# [TASK BRIEF]
Please take the lines from the one holding "企查查APP显示,近日,深圳" through the one holding "Vreemd welkom portret" in the data below and copy them exactly.

# [PROVIDED RECORDS]
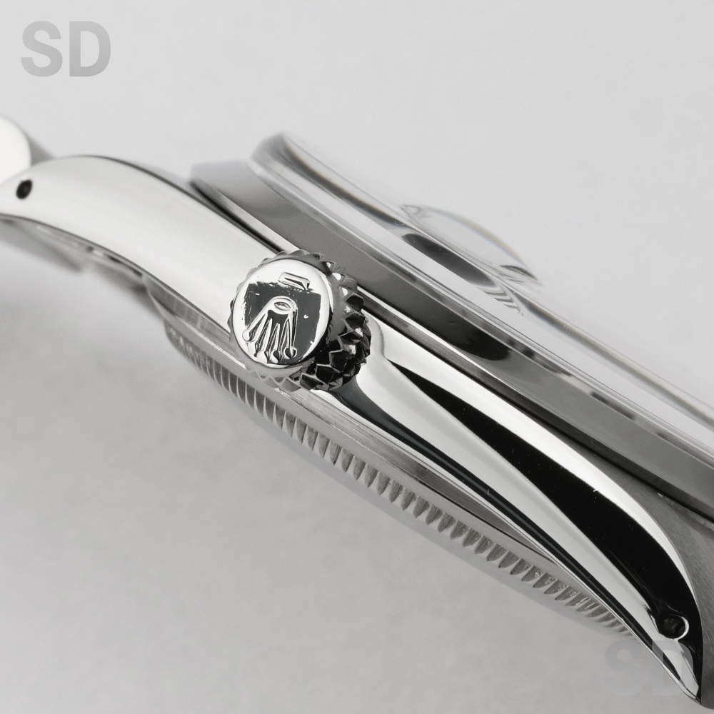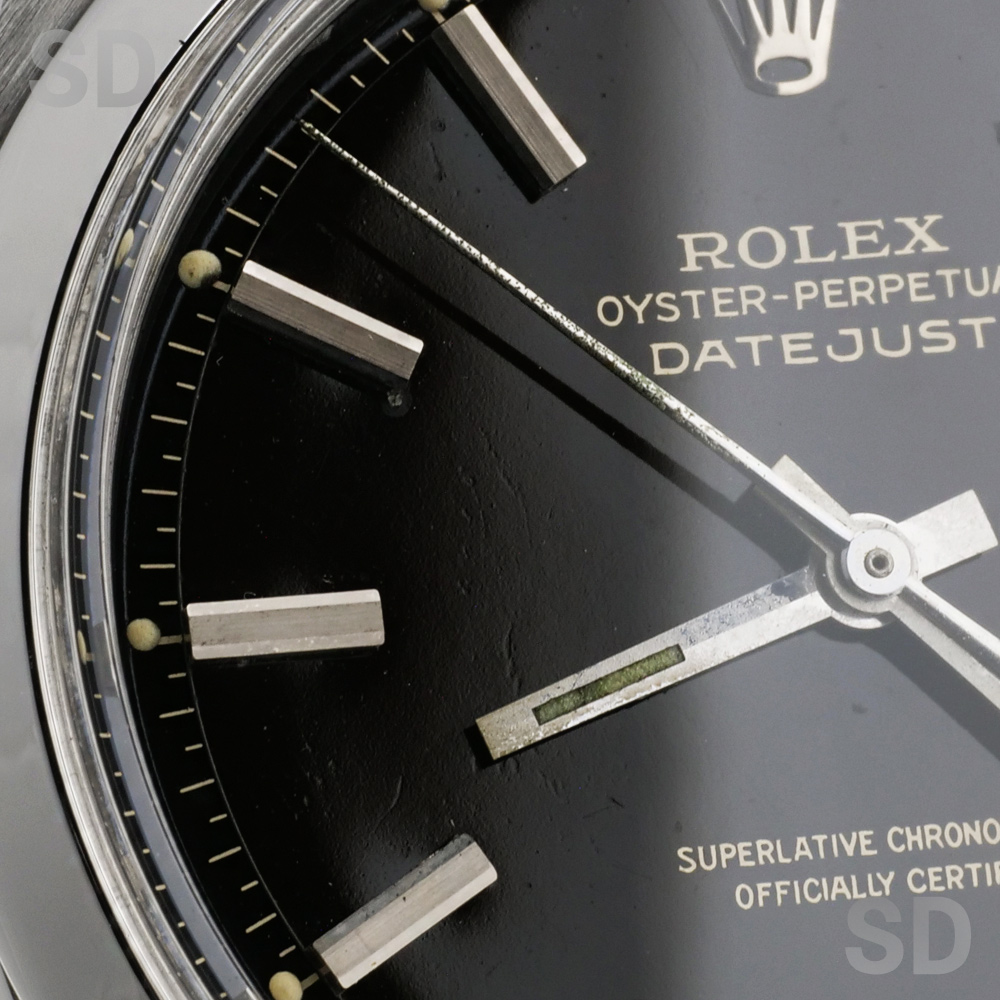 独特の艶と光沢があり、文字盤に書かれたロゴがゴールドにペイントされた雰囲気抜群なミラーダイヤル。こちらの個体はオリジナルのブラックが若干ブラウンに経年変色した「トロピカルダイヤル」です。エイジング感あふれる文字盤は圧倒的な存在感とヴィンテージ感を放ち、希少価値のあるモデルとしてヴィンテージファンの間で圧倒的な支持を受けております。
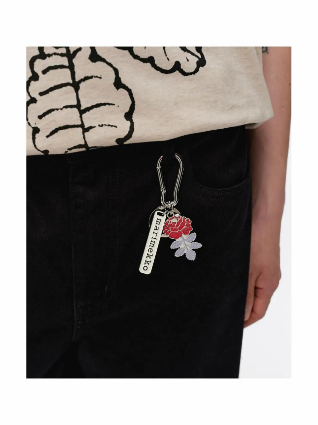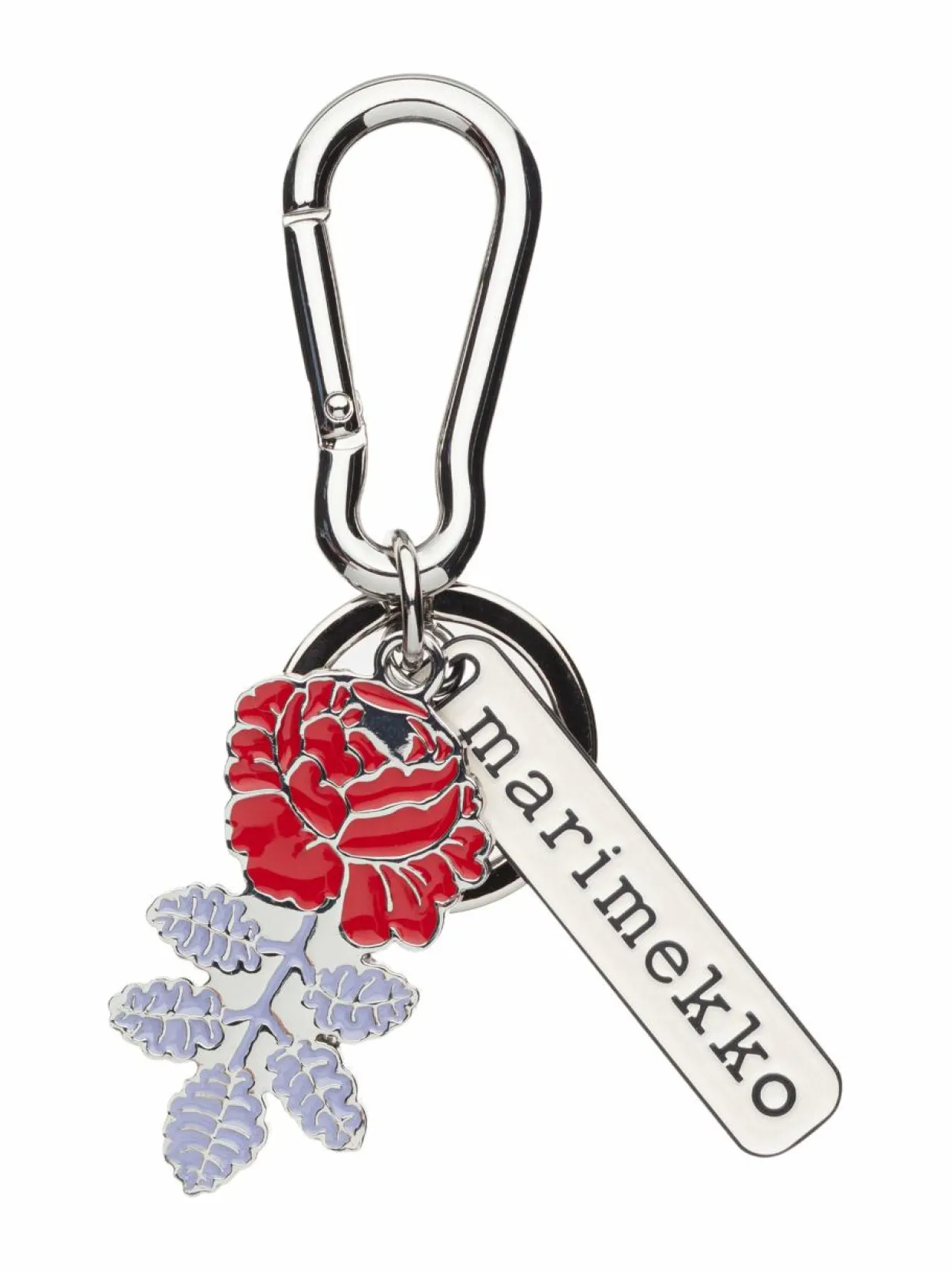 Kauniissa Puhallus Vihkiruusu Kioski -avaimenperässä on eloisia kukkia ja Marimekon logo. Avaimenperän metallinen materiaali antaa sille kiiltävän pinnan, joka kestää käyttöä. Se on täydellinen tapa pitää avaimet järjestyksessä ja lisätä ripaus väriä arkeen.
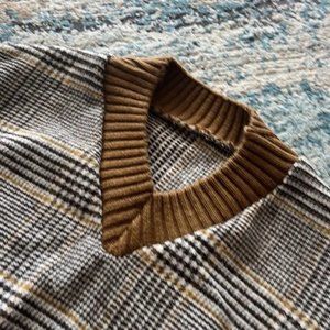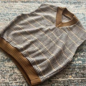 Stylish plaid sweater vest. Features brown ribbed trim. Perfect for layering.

---

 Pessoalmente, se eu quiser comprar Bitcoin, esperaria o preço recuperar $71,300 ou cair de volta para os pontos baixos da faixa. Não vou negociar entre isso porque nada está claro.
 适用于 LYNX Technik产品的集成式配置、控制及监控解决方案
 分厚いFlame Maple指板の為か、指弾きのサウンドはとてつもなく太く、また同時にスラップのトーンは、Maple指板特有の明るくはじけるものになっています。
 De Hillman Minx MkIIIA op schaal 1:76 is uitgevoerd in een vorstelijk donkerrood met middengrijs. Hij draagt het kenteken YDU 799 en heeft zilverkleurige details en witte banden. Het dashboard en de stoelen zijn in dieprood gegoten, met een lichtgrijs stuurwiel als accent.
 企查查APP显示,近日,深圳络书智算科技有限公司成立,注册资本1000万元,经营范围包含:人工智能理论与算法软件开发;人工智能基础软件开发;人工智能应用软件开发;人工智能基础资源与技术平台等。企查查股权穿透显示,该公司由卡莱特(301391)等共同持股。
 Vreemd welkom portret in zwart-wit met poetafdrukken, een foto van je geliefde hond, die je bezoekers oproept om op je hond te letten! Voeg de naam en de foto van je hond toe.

# [RESULT FOR THIS EXERCISE]
 企查查APP显示,近日,深圳络书智算科技有限公司成立,注册资本1000万元,经营范围包含:人工智能理论与算法软件开发;人工智能基础软件开发;人工智能应用软件开发;人工智能基础资源与技术平台等。企查查股权穿透显示,该公司由卡莱特(301391)等共同持股。
 Vreemd welkom portret in zwart-wit met poetafdrukken, een foto van je geliefde hond, die je bezoekers oproept om op je hond te letten! Voeg de naam en de foto van je hond toe.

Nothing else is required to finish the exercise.